Les centres sociaux sont créateurs de lien social dans les quartiers de Marseille. — P.MAGNIEN / 20 MINUTES

Joyeuses malgré tout. Environ 300 personnes ont manifesté en chansons et musique hier matin devant la préfecture. Elles dénoncent « le désengagement de l'Etat » dans l'attribution des aides à l'emploi et des subventions pour les centres sociaux.

« Assurer le lien social »
Equipements de proximité dans les domaines de l'éducation, la prévention, le logement ou la lutte contre la violence, la discrimination et l'incivilité, les centres sociaux sont menacés par la baisse des financements. « Dans le département, trente demi-postes ont été supprimés cette année, assure Michel Deneux, délégué départemental de l'union des centres sociaux (UCS). On n'arrive pas même plus à payer les animateurs. S'il n'y a plus de centres, qui va assurer le lien social dans les quartiers ? » se demande-t-il. « Les crédits versés sont cette année en augmentation de 3 %, soit 1,3 million d'euros pour des actions portées par les centres sociaux de Marseille », réagit, dans un communiqué, la préfecture.

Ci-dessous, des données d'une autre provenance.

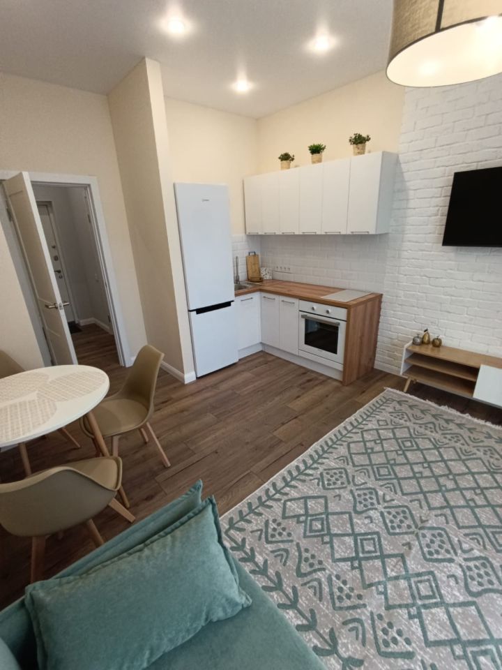 В квартире есть всё необходимое для комфортного проживания: современная мебель в комнате и на кухне, а также полный комплект техники — холодильник, посудомоечная и стиральная машины. Планировка продумана и удобна , кухня совмещена с гостиной . Совмещённый санузел оборудован ванной.

Reçue hier, une délégation a obtenu un rendez-vous sine die avec le préfet, selon l'UCS. Dans le département, 48 centres sociaux sont fédérés par l'UCS. Outre un poids économique estimé à 25 millions d'euros, ils représentent 1 250 emplois, et plus de 1 000 administrateurs bénévoles. La zone de vie sociale de ces centres concernerait environ 400 000 personnes. Si les centres sociaux devaient disparaître, plus de 2 800 enfants et jeunes se retrouveraient « à faire des activités dans la rue ».